为了展示增量查询的效果,让我们假设读者已经将这些更改视为摄取第一批的一部分。现在,为了让读者看到第二批的效果,他/她必须将开始时间戳保持到第一批的提交时间(20180924064621)并运行增量查询
Hudi 增量模式通过使用 hudi 管理的元数据过滤掉没有任何候选行的文件,为增量查询提供高效扫描。
docker exec -it adhoc-2 /bin/bash
beeline -u jdbc:hive2://hiveserver:10000 \
--hiveconf hive.input.format=org.apache.hadoop.hive.ql.io.HiveInputFormat \
--hiveconf hive.stats.autogather=false
0: jdbc:hive2://hiveserver:10000> set hoodie.stock_ticks_cow.consume.mode=INCREMENTAL;
No rows affected (0.009 seconds)
0: jdbc:hive2://hiveserver:10000> set hoodie.stock_ticks_cow.consume.max.commits=3;
No rows affected (0.009 seconds)
0: jdbc:hive2://hiveserver:10000> set hoodie.stock_ticks_cow.consume.start.timestamp=20180924064621;
使用上述设置,从提交 20180924065039 中没有任何更新的文件 ID 将被过滤掉而不进行扫描。这是增量查询:
0: jdbc:hive2://hiveserver:10000>
0: jdbc:hive2://hiveserver:10000> select `_hoodie_commit_time`, symbol, ts, volume, open, close from stock_ticks_cow where symbol = 'GOOG' and `_hoodie_commit_time` > '20180924064621';
+----------------------+---------+----------------------+---------+------------+-----------+--+
| _hoodie_commit_time | symbol | ts | volume | open | close |
+----------------------+---------+----------------------+---------+------------+-----------+--+
| 20180924065039 | GOOG | 2018-08-31 10:59:00 | 9021 | 1227.1993 | 1227.215 |
+----------------------+---------+----------------------+---------+------------+-----------+--+
1 row selected (0.83 seconds)
0: jdbc:hive2://hiveserver:10000>
3.14. 使用 Spark SQL 进行增量查询
docker exec -it adhoc-1 /bin/bash
$SPARK_INSTALL/bin/spark-shell \
--jars $HUDI_SPARK_BUNDLE \
--driver-class-path $HADOOP_CONF_DIR \
--conf spark.sql.hive.convertMetastoreParquet=false \
--deploy-mode client \
--driver-memory 1G \
--master local[2] \
--executor-memory 3G \
--num-executors 1 \
--packages org.apache.spark:spark-avro_2.11:2.4.4
Welcome to
____ __
/ __/__ ___ _____/ /__
_\ \/ _ \/ _ `/ __/ '_/
/___/ .__/\_,_/_/ /_/\_\ version 2.4.4
/_/
Using Scala version 2.11.12 (OpenJDK 64-Bit Server VM, Java 1.8.0_212)
Type in expressions to have them evaluated.
Type :help for more information.
scala> import org.apache.hudi.DataSourceReadOptions
import org.apache.hudi.DataSourceReadOptions
# In the below query, 20180925045257 is the first commit's timestamp
scala> val hoodieIncViewDF = spark.read.format("org.apache.hudi").option(DataSourceReadOptions.QUERY_TYPE_OPT_KEY, DataSourceReadOptions.QUERY_TYPE_INCREMENTAL_OPT_VAL).option(DataSourceReadOptions.BEGIN_INSTANTTIME_OPT_KEY, "20180924064621").load("/user/hive/warehouse/stock_ticks_cow")

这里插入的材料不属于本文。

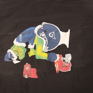 Black t-shirt featuring the Grinch in NFL gear. Vibrant design with team logos. Hanes size XL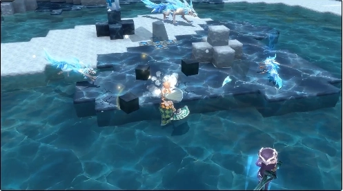 第三个位置在山中小河的中央区域,中央区域会有一个小块范围可以踩上去,在这块踏板的下方就有一个宝箱可以得到。玩家要使用角色潜下去才可以拿到,有一定难度。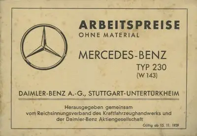Mercedes-Benz 230 W 143 Arbeitspreise 11.1939
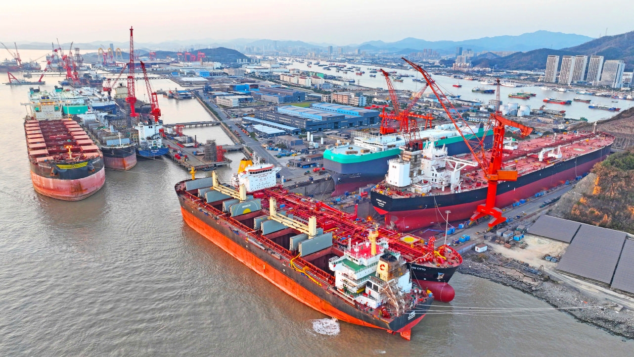 连日来,位于小干岛的万邦船舶重工(舟山)有限公司码头和船坞内,停满了正在修理的各类船舶。该公司加班加点赶修船订单,奋战“全年胜”。 摄影 记者 陈永建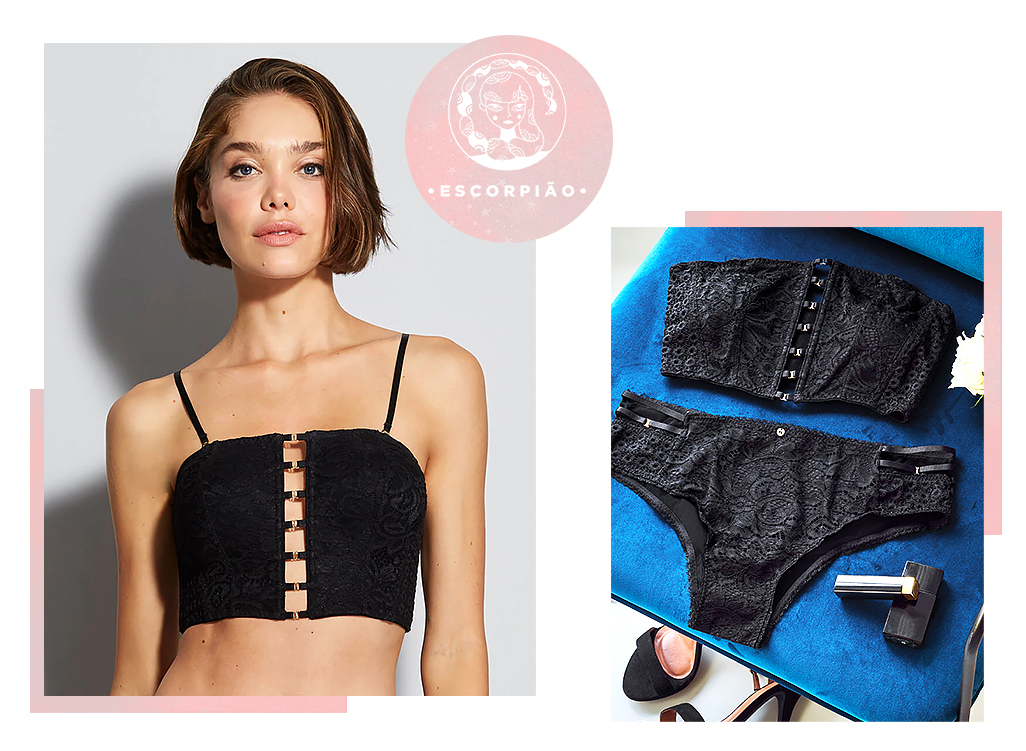 É intensa, apaixonada, tem objetividade, perspectiva e necessita distanciamento das pessoas; ama sua privacidade. É mulher do 8 ou 80, frio ou pelando… Não existe o caminho do meio em sua vida. A lingerie tem que ter um perfume de sedução, renda, preto, tudo que insinue…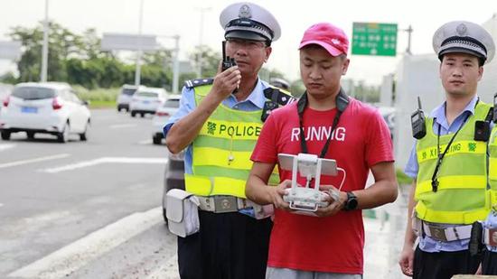 早上8点,金湾交警操控无人机在珠海大桥西缓缓升空,数百米的车流,任何一辆车打尖插队,都逃不过无人机的眼睛。

SLF4J: Failed to load class "org.slf4j.impl.StaticLoggerBinder".
SLF4J: Defaulting to no-operation (NOP) logger implementation
SLF4J: See http://www.slf4j.org/codes#StaticLoggerBinder for further details.
hoodieIncViewDF: org.apache.spark.sql.DataFrame = [_hoodie_commit_time: string, _hoodie_commit_seqno: string ... 15 more fields]
scala> hoodieIncViewDF.registerTempTable("stock_ticks_cow_incr_tmp1")
warning: there was one deprecation warning; re-run with -deprecation for details
scala> spark.sql("select `_hoodie_commit_time`, symbol, ts, volume, open, close from stock_ticks_cow_incr_tmp1 where symbol = 'GOOG'").show(100, false);
+----------------------+---------+----------------------+---------+------------+-----------+
| _hoodie_commit_time | symbol | ts | volume | open | close |
+----------------------+---------+----------------------+---------+------------+-----------+
| 20180924065039 | GOOG | 2018-08-31 10:59:00 | 9021 | 1227.1993 | 1227.215 |
+----------------------+---------+----------------------+---------+------------+-----------+
3.15. Merge-On-Read表
让我们安排并运行压缩以创建新版本的柱状文件,以便读取优化的读者将看到更新鲜的数据。同样,可以使用 Hudi CLI 手动调度和运行压缩
docker exec -it adhoc-1 /bin/bash
root@adhoc-1:/opt# /var/hoodie/ws/hudi-cli/hudi-cli.sh
...
Table command getting loaded
HoodieSplashScreen loaded
===================================================================
* ___ ___ *
* /\__\ ___ /\ \ ___ *
* / / / /\__\ / \ \ /\ \ *
* / /__/ / / / / /\ \ \ \ \ \ *
* / \ \ ___ / / / / / \ \__\ / \__\ *
* / /\ \ /\__\ / /__/ ___ / /__/ \ |__| / /\/__/ *
* \/ \ \/ / / \ \ \ /\__\ \ \ \ / / / /\/ / / *
* \ / / \ \ / / / \ \ / / / \ /__/ *
* / / / \ \/ / / \ \/ / / \ \__\ *
* / / / \ / / \ / / \/__/ *
* \/__/ \/__/ \/__/ Apache Hudi CLI *
* *
===================================================================
Welcome to Apache Hudi CLI. Please type help if you are looking for help.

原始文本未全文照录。